Под утро, на рассвете, едва Бейль и Сен-Вальер вышли из гостиницы и сели в экипаж, ядро пробило крышу и разворотило чердак дома, где они останавливались.

– Держу пари, что ядро австрийское, – пробормотал Сен-Вальер. – А вон и кавалеристы, тоже думаю австрияки. Это ничего. Они больше заняты захватом Ломбардии. Им не до Франции, не до Парижа.

В предутреннем сумраке, уже слегка прореженном первыми солнечными лучами, Бейль увидел отряд всадников в высоких шапках со свисающими шлыками, в странных долгополых одеждах и с тонкими пиками, будто прочертившими еще непрозрачный воздух. У них были поджарые, гривастые, длиннохвостые кони, на которых всадники сидели с особой степной небрежностью. Они ехали медленно друг за другом, как призраки, и Бейль почувствовал дурноту. Ему привиделись привязанные за ноги французские интенданты, волочившиеся за лошадьми на арканах.

– Казаки, – произнес Бейль. – Париж скоро возьмут.

V

В кампании, продолжавшейся три месяца, генерал Сеславин снова оказался командиром отдельного маневренного отряда. Это назначение, имеющее особые цели, принимало во внимание славу знаменитого партизана, его знание французского языка и особое применение отряда в этот период войны на территории Франции. Помимо трех эскадронов сумских гусар (в их числе был и эскадрон, с которым он воевал в 1812 году) в отряд входили четыре казачьих полка и взвод конной артиллерии при трех орудиях.

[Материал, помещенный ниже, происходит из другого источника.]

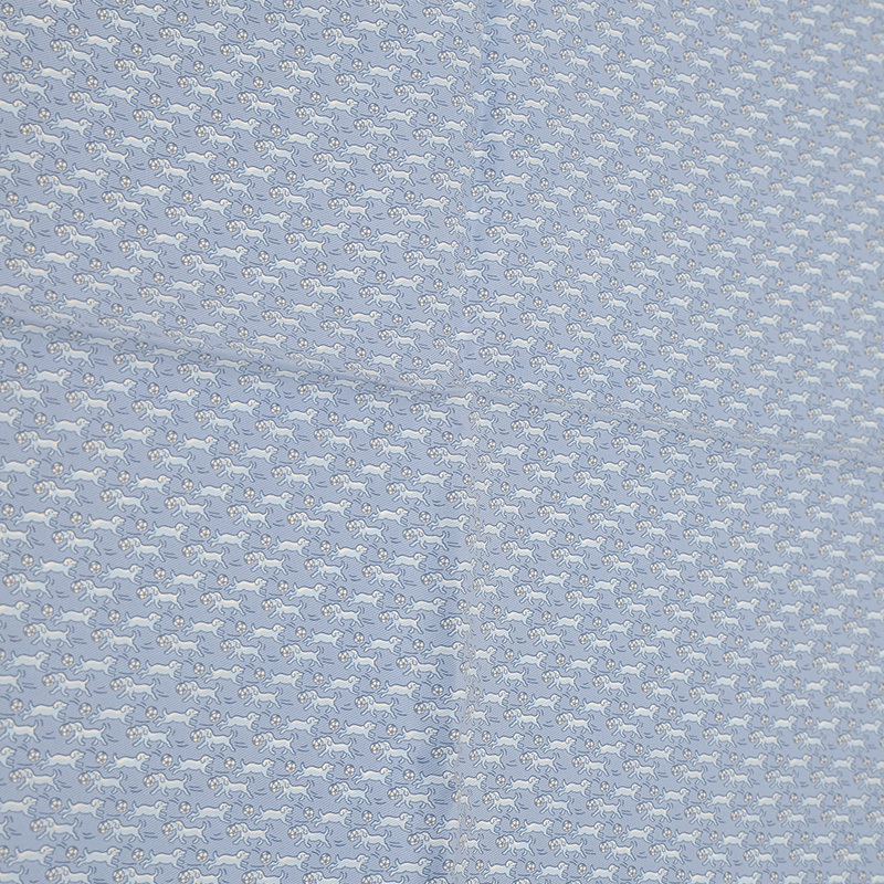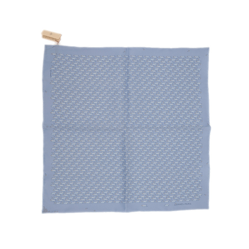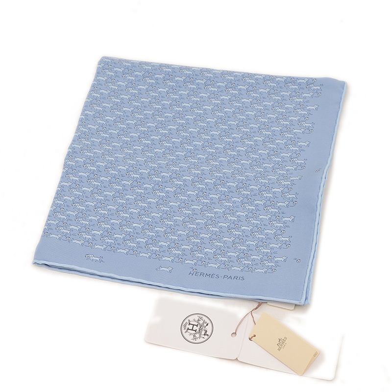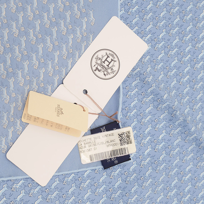 商品特徴 | 上質なヴィンテージシルクを使用した、45cm角の小ぶりなポケットチーフです。アズール(青)、グリ(グレー)、シエル(水色)、ブラン(白)の鮮やかな色彩で、ボール遊びをする犬が描かれた「LA BABALLE」柄が、遊び心とユーモアを添えます。ジャケットの胸元に挿すだけで、装いに上品な彩りと個性的なアクセントをプラスする逸品です。 |

Отряд Сеславина, совершая рейды в тылу неприятеля, почти ежедневно вступал в бой с разными контингентами французских войск и постоянно представлял командованию обстоятельные сведения о действиях противника. Его стремительные всадники, гусары и казаки, вместе с русскими войсками Силезской армии Блюхера отважно бились при Бриенне – это было первое крупное сражение в нынешней кампании. Через два дня отряд Сеславина столкнулся с французской кавалерией у селения Ла-Ротьер, где, опрокинув отборных храбрецов Мюрата, почти уничтожил несколько эскадронов и взял три орудия. Затем следуют другие сражения с войсками Наполеона: близ Лаферт-сюр-Об и Арси-сюр-Об. После боя при Арси, где благодаря упорству и самоотверженности русских солдат французы отступили с большими потерями, император Александр выразил мнение среди «своих», что мы могли бы прекрасно обойтись без австрийцев.

Потом собрался штаб союзных армий, где опять между важными титулованными генералами в лентах и орденах с бриллиантами шли споры на немецком языке – брать ли прежде всего Париж и требовать капитуляции или преследовать Наполеона и добиваться его низложения. Опять те же важные военные господа, при них лощеные адъютанты в сияющих ботфортах, холеные лошади, золоченые кареты, в которых доставляли иногда самих важных генералов, иногда важные документы военных канцелярий…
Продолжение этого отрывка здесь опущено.